What does the US’ 2016 World Series and a billy goat have in common? Well, if you were to check the etymology of ‘billy goat’ you would find its first known use surfaced in 1820, where the definition simply states: “a male goat.” Female goats, on the other hand are referred to as "does" or "nannies,” and juveniles of both sexes are called "kids”. However, when you Google search further, you’ll find one ‘billy goat’ reference that has historically impacted one very important baseball game.

Billy Goat Gets Bad Rap In World Series Dating Back To 1945

Curse of the Billy Goat

As the story goes, the ‘Curse of the Billy Goat’ relates to a sports-related tale that's now part of baseball lore. When the Chicago Cubs baseball franchise was pitted against the Detroit Tigers in the 1945 World Series, the Billy Goat Tavern owner Billy Sianis and his billy goat Murphy attempted to enter the Wrigley Field ballpark to attend the game. Since the goat was his pet, he often traveled with him to events of this type.

However during game four, it seems the odor of his goat quickly became bothersome to other baseball fans. So, Sianis was asked to leave the park and was ushered to the gate by security, stating that animals were not allowed to attend baseball games. The park’s owner P.K. Wrigley stood behind the ruling.

Outraged, Sianis spewed out a hex that seems to have stuck: "Them Cubs, they ain't gonna win no more," which has been interpreted to mean that the Cubs would never again win a World Series.

The Cubs then lost the Oct. 6th game and dropped two of the next three games to lose the World Series. Hence, the start of the so-called “Curse of the Billy Goat.”

While it’s now been 71 years since Sianis’ curse was first uttered, it’s important to note that the Cubs were on a very long losing streak prior to this event, since the last time they won a World Series was 1908 — making their total time without a win — 108 years!

Will the tides turn?

Fast-foward to 2016, on the 46th anniversary of Billy Sianis’ death in 1970, the Cubs just might have a chance to shake that jinx. This year, they defeated the Los Angeles Dodgers 5–0 in game 6 of the National League Championship Series (NLCS) to win the NL pennant and advance to the 2016 World Series, pitted against the Cleveland Indians. But will they take home the big prize?

Indians’ Fans think otherwise . . .

Cleveland Indians fans are adamant that the Chicago Cubs' Curse of the Billy Goat live on . . . so, one fan and his wife brought two goats to Progressive Field before this year's first game.

"Everyone was really excited that I did it," Alan Mancuso said. "Especially those that know about the curse."

Mancuso and his wife Beth have three goats that they raised at their Ohio City home. While at church on Sunday, his friend Mark Duskey suggested they perform their own goat curse. Mancuso, 47, a lifelong Indians fan, agreed.

Separately but united with Mancuso’s team loyalty, James Kovach walked two of his goats around the ball park named Dexter and Tug, in advance of the first game with the Cubs on October 25. Kovach said he had traced the lineage of Dexter and Tug, and they may just be distant cousins of Murphy.

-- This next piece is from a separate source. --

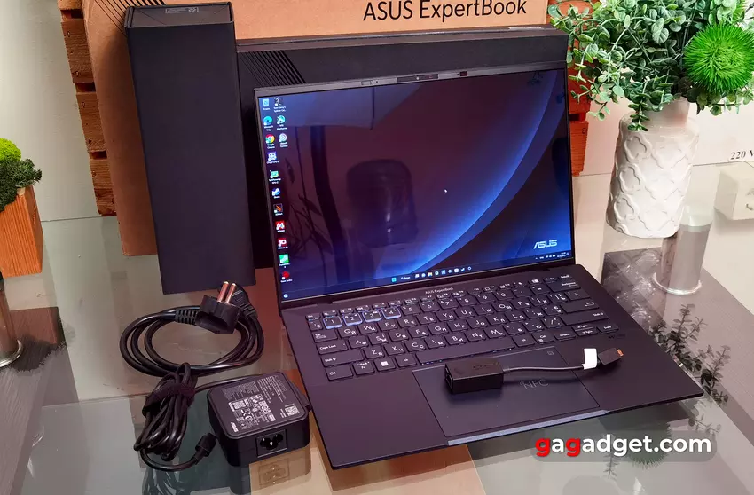 Das ASUS ExpertBook B9 OLED (B9403) ist nicht das erste Mitglied der ExpertBook-Reihe, das getestet wird. Sie haben sich schon immer durch ihre Akkulaufzeit ausgezeichnet. Das Notebook verfügt über einen dreizelligen 63-Wh-Akku. Im Alltagsbetrieb (Arbeiten mit Browser, Dokumenten und einfacher Fotobearbeitung) hält das Notebook bei einer Helligkeitsstufe von 50 % knapp über 9 Stunden durch. Es besteht also keine Notwendigkeit, das Netzteil mit ins Büro zu nehmen. Zum Aufladen wird ein 65-W-Netzteil mit einem USB-Typ-C-Anschluss verwendet. Eine volle Ladung dauert etwas mehr als zwei Stunden.
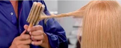 STEP 4: Unravel brush by pointing the top towards the top and unwinding over and under the section making a twist. Let the twist cool and set before fingering and applying a finishing spray.

So, the superstition lives on and the Indians fans are hoping it works to their advantage again this year.

Presently the jury is out on this one. As of this post, the Indians skunked the Cubs to a 6-0 win in Game 1 at Progressive Field in Cleveland — but on October 26, the Cubs beat back with a 5-1 win in the second game.

Humanitarian Ways to End the Curse?

For those who’d like to see this curse come to an end, there are those who are supporting some humanitarian ways to make that happen. For instance, the Reverse The Curse Chicago initiative urges baseball fans to donate dairy goats to impoverished families in the Caribbean.

Heifer International is also running a charitable campaign where donations are being raised to send goats to families who need them. In a public statement, they noted:

  • “Showing fondness toward goats is mentioned as a key to breaking one of the longest running curses in baseball. There’s no better way to do this than donating a goat and its nutrient-rich milk to a family in need.”

 

What’s your thoughts readers? Cubs Fans, or Billy Goat Curse fans? Will the Cubs bring home the title this year and make ‘Murphy’ roll over in his grave, or will the curse live on another year to deprive the Cubs of shaking that dark cloud that’s plagued them for all these decades?